20 SEPTEMBER 1963, Page 15

CATHOLICS AND BIRTH CONTROL

SIR,—'Catholic Parent' in your issue of September 13 is afraid that his mind is 'not fine or subtle enough to appreciate the distinction between taking a contraceptive pill and the use of hormones to lengthen the safe period.' The distinction (and it does not seem to me to require a fine or subtle mind for its appreciation) is that the first action totally frustrates, while the second regularises, a natural process.

I should like to have chapter and verse for these mediaeval theological arguments about angels and needle-points. They have always evaded me in St. Thomas Aquinas, St. Bonaventure, Duns Scotus and William of Occam, and I'm beginning to suspect that they belong to pcpular mythology rather than mediaeval theology.

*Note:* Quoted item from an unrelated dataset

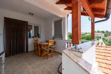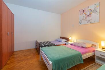 Ferienwohnung bietet Platz für 5 Gäste. Die Betten sind in Schlafzimmern, die es 2 gibt, innerhalb einer Gesamtfläche von 51m2, angeordnet. Die Gäste haben eine eigene Terrasse zur Verfügung, auf der sie in warmen Sommernächten genießen können. Es ist erlaubt, Speisen auf dem Gemeinschafts-Grill vorzubereiten.

It is quite true that most non-Catholics condemn murder and adultery yet approve of contraception.

I can testify that many non-Catholics approve of divorce and abortion in certain circumstances. Does 'Catholic Parent' think this argument from non- Catholic approval a valid one for him?

A careful re-reading of Erika Fallaux's letter has failed to discover how its argument makes love 'something almost debased, part of our lower natures, something we must feel guilty about and derive no pleasure from when we respond to it.' To maintain that the expression of love in intercourse can be under the rule of reason and conscience like any other activity is neither to debase it nor under- value it.

Lastly, might I assure Mr, Flint that the Roman Catholic Church does not regard the procreation of children as the sole purpose of marital intercourse. If it did, would it not condemn intercourse after conception, or in marriages of proven sterility, or in all marriages after the menopause? Or perhaps some people believe it does.